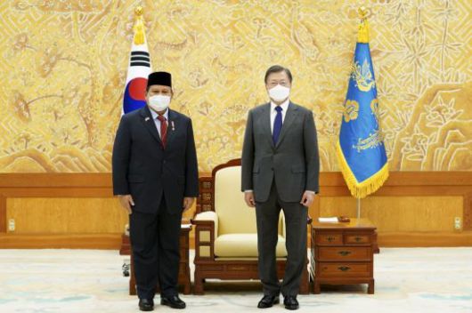 문 대통령은 8일 오후 청와대에서 KF-X 시제기 출고식에 참석하기 위해 방한한 프라보워 수비안토 인도네시아 국방부 장관을 접견하고 "신남방정책을 통해 양국간 전략적 동반자 관계를 더욱 내실있게 발전시켜 나가고자 한다"며 이같이 밝혔다.
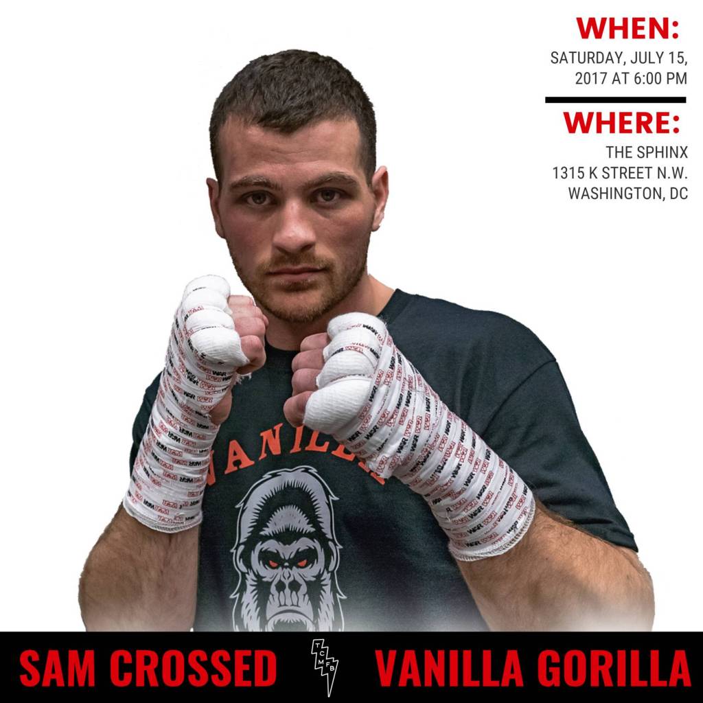 WASHINGTON, D.C. (July 13, 2017) — Cruiserweight sensation Sam “The Vanilla Gorilla” Crossed (5-0, 3 KOs) of Greenbelt, Maryland, will be stepping back into the squared circle on July 15, at the Sphinx on K in the co-main event. This will be Crossed’s first fight after suffering a broken bone in his right hand in his last bout on Oct.19, 2016, in Charlotte, in which he scored a second round technical knockout of Michael Tillery (0-2).
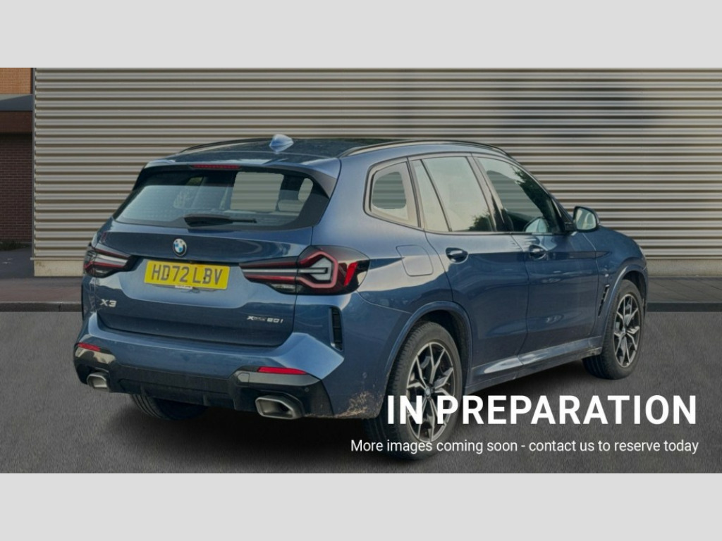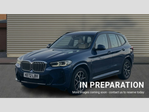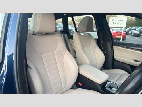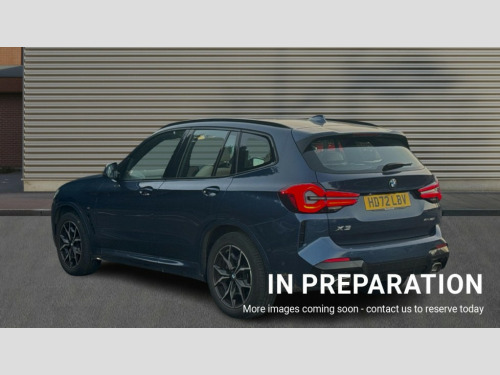 BMW X3 xDrive20i MHT M Sport 5dr Step Auto Active Guard incl speed limiting and lane departure functions with auto steering, and front collision warning with brake intervention, Attentiveness assist, Automatic tailgate operation, BMW Live Cockpit Professional sat nav system including 10.25" high resolution display and Intelligent Voice Assistant, BMW Online services, BMW Teleservices, Brake pad wear indicator in front and rear, Check Control warning system for monitoring of lights and door/luggage compartment open warning, Control display - 6.5" colour display screen, Electric Power Steering (EPS) with Servotronic, iDrive Controller with 8 favourite buttons, Lights on warning by audio warning signal when ignition is switched off, Navigation system - BMW Professional multimedia with Hard disc drive (HDD) and 10.25" touch display, Oil sensor for level and grade, warning by check control system, On board computer - average speed+fuel consumption, service interval, clock/date, odometer/trip meter, outside temperature display and ice warning, Optimum shift indicator, Personal Profile - automatic lock when driving away selectable, Real time traffic information, Semi digital instrument cluster, Stop/start system, Automatic transmission with gearshift paddles, Incorrect fuelling protection, M sport suspension, Multi-link rear suspension, Performance Control, Auxiliary socket for external MP3 player, BMW professional radio/CD/MP3, DAB Digital radio, Acoustic glazing, Black finish on B pillars, Body colour door handles, Body colour electric adjust heated aspherical door mirrors, Body colour roof mouldings, Body coloured bumpers, Chrome kidney grille with high gloss black vertical slats, Direction indicator, side repeaters, integrated in exterior mirrors, Dual chrome exhaust, Dynamic brake lights, Exterior mirrors - electrically folding with anti-dazzle, Fingertip control / anti-trap function on electric window, Follow me home headlights, Front and rear bumper system with replaceable deformation elements, Front and rear electric windows, Green tinted heat insulating glass, Heated windscreen washer jets, Height adjustable headlamps, High gloss black door sill finishers, High gloss black shadow line roof rails, High gloss shadowline exterior trim in decorative moulding side frame/recess cover/guide rail/B, C pillars/mirror frame and triangle with mirror base, High level 3rd brake light incorporating LED Technology, Interior rear view electrochromatic mirror with automatic anti dazzle function, LED front fog lights, LED tail lights, Lightweight engineering, M aerodynamic bodystyling, Model designation, Rain sensor including auto headlights activation, Rear wiper, Shark fin antenna, Trim designation deletion on side, Visible VIN plate, Welcome lighting, Windscreen wipers with adjustable interval, 12V socket in centre console and luggage area, 3 rear headrests, 3 zone automatic air conditioning, 4 lashing points to secure luggage, Ambient lighting, Anthracite headlining, Anthracite Velour floor mats, Driver/passenger sunvisors with ticket holders + illuminated vanity mirrors, Foldable boot floor with storage compartment, Four grab handles integrated in roof lining, Front and rear bottle holders integrated into door trim storage compartments, Front and rear side armrests integrated into door trim, Front centre armrest with storage compartment, Front footwell lights, Front sports seats, Front/rear courtesy lights with soft on/off dimming, Front/rear reading lights, Height adjustable front/rear head restraints, Isofix rear child seat preparation, Leather gear knob, Luggage area underfloor compartment, Luggage compartment lighting, M leather steering wheel, Parcel shelf removeable and storable under boot floor, Reach and rake adjustable steering column, Rear centre armrest with 2 cupholders, Removable / retractable luggage cover, Slope adjustable rear seats, Storage compartment in rear centre console and front/rear door trims, Through loading system with 40/20/40 split folding rear seat, Toolkit located in luggage compartment, Two front cupholders with removable oddments tray/lid, Vernasca leather upholstery, Connected pack professional - X3, ABS/EBD, ADB - Automatic Differential Brake, Automatic Stability Control (ASC), Battery safety cut-off, BMW emergency call, Brake assist, Brake drying, Brake energy regeneration, Braking pre-tensioning, Child locks on rear doors, Cornering brake control (CBC), Crash Sensor - activation of central locking release, hazard warning light and interior lighting, Deactivation of fuel pump in the event of a crash, Driver and front passenger front and side airbags with passenger deactivation and ITS front and rear head airbags, DSC+, Dynamic brake control, Dynamic Traction Control - DTC, Electromechanical parking brake, Front seat belts warning, Hill descent control, Hill start assist, Seatbelt security check for front seats, Side impact protection, Three point seatbelts to all seats with front and outer rear pyrotechnic belt tensioners and seat belt force limiters, Two tone horn, Tyre pressure monitoring system, Ventilated front and rear disc brakes, Warning triangle and first aid kit, Central locking switch for all doors, fuel filler cap and luggage compartment, Electronic engine immobiliser, Locking wheel nuts, Remote control including two integrated key - one button for open/close all lockable content, windows and separate button for open luggage compartment, Remote control Thatcham category 1 alarm, Start/stop button with Comfort Go keyless engine start and auto Start/stop deactivation button, Low rolling resistance tyres
::::
- _Your objective_:
Each line, from the beginning of the listing to the line bearing "WASHINGTON, D.C. (July" inclusive, should be copied exactly; the pictures stay out.

- _Response area_:
 문 대통령은 8일 오후 청와대에서 KF-X 시제기 출고식에 참석하기 위해 방한한 프라보워 수비안토 인도네시아 국방부 장관을 접견하고 "신남방정책을 통해 양국간 전략적 동반자 관계를 더욱 내실있게 발전시켜 나가고자 한다"며 이같이 밝혔다.
 WASHINGTON, D.C. (July 13, 2017) — Cruiserweight sensation Sam “The Vanilla Gorilla” Crossed (5-0, 3 KOs) of Greenbelt, Maryland, will be stepping back into the squared circle on July 15, at the Sphinx on K in the co-main event. This will be Crossed’s first fight after suffering a broken bone in his right hand in his last bout on Oct.19, 2016, in Charlotte, in which he scored a second round technical knockout of Michael Tillery (0-2).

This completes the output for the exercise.